We recently saw the Israeli prime minister, Benjamin Netanyahu, draw this very clear red line before the U.N. Is there any daylight between these two candidates when it comes to how tough they’re going to get on Iran?
ZAKARIA: Not really. Look, the truth of the matter is, it’s important to understand that Iran has a very extensive civilian nuclear program. And when you talk about one war bombs’ worth or five bombs worth, this is not bombs. This is the amount of uranium they have that could be converted were this to become a military program.

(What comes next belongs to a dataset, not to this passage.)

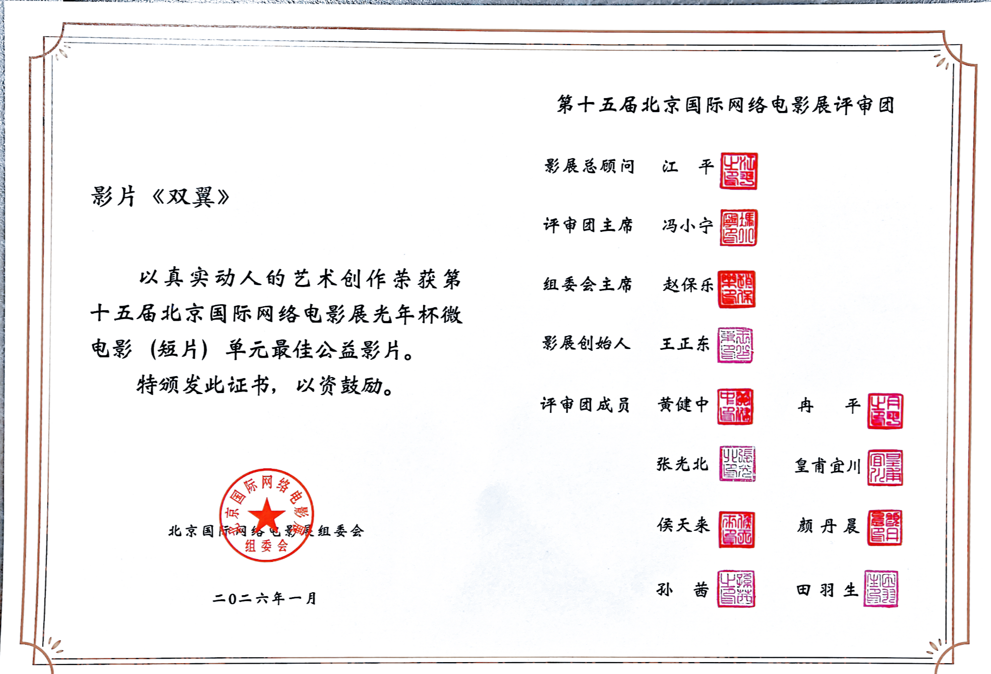 2026年1月9日,以“让每道光,都有世界回响”为主题的第十五届北京国际网络电影展荣誉盛典在北京微博IN·钻石中心举行。
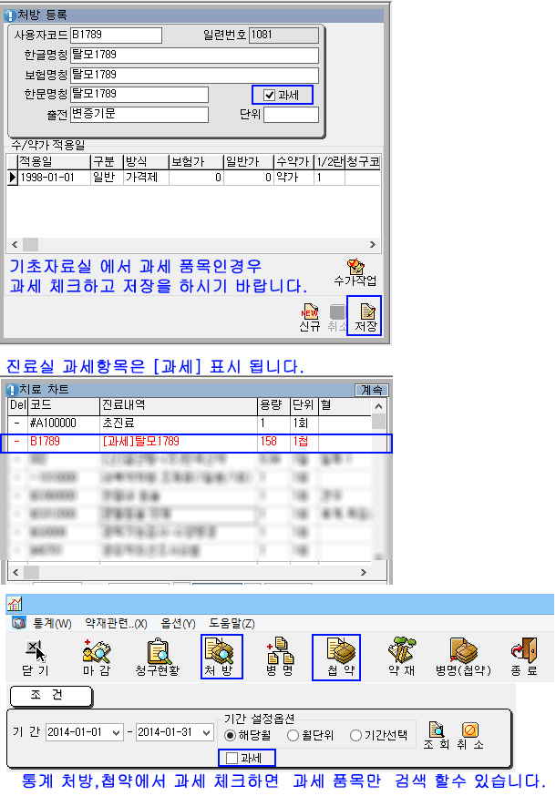 * 한의사랑 과세 등록, 진료실 표시, 통계 조회 안내.*

I would argue, and I think this is generally speaking and experts would agree, the Obama administration has been very tough on Iran. The sanctions are global. They are crippling. They are hurting them. But the truth is, Iran is one of the world’s great petroleum exporters. They have money. The nuclear weapons program doesn’t cost that much. So the only thing you can realistically do beyond this would be to bomb Iran. And the issue is not will the sanctions be able to somehow physically stop the Iranians from pursuing the nuclear energy program or a weapons program. The question is, will it bring them to the negotiating table because they feel the pain is so crippling, because they feel their economy is in a death spiral. That’s where the pressure is going to act. The pressure isn’t going to suddenly shut down their ability to produce nuclear energy.
Q: You often refer to the foreign policy crisis we’re seeing now as “their” problem, not something that the U.S. can mitigate necessarily with our edicts or speeches, but it’s really something that is born of an issue there. It is something that is their angst, not necessarily because of us.
ZAKARIA: I think you’d see this most with regard to the Arab Spring. Romney says we should be much more aggressive on the Arab Spring in shaping it. Well, you know, that’s going to be very difficult. What’s going on in Egypt and Tunisia – it really is about them, not about us. And you can say the Obama people should have been more assertive here or less assertive there. The truth is this is a world historical change taking place in the Middle East. We’re bystanders. We’re well-wishers. There isn’t much we can do, which is why when Romney is asked for specifics on what he would do in Egypt or even Libya, he says he would work with the government of Libya to find the guys that murdered our ambassador. Well, obviously that’s what the Obama administration is doing.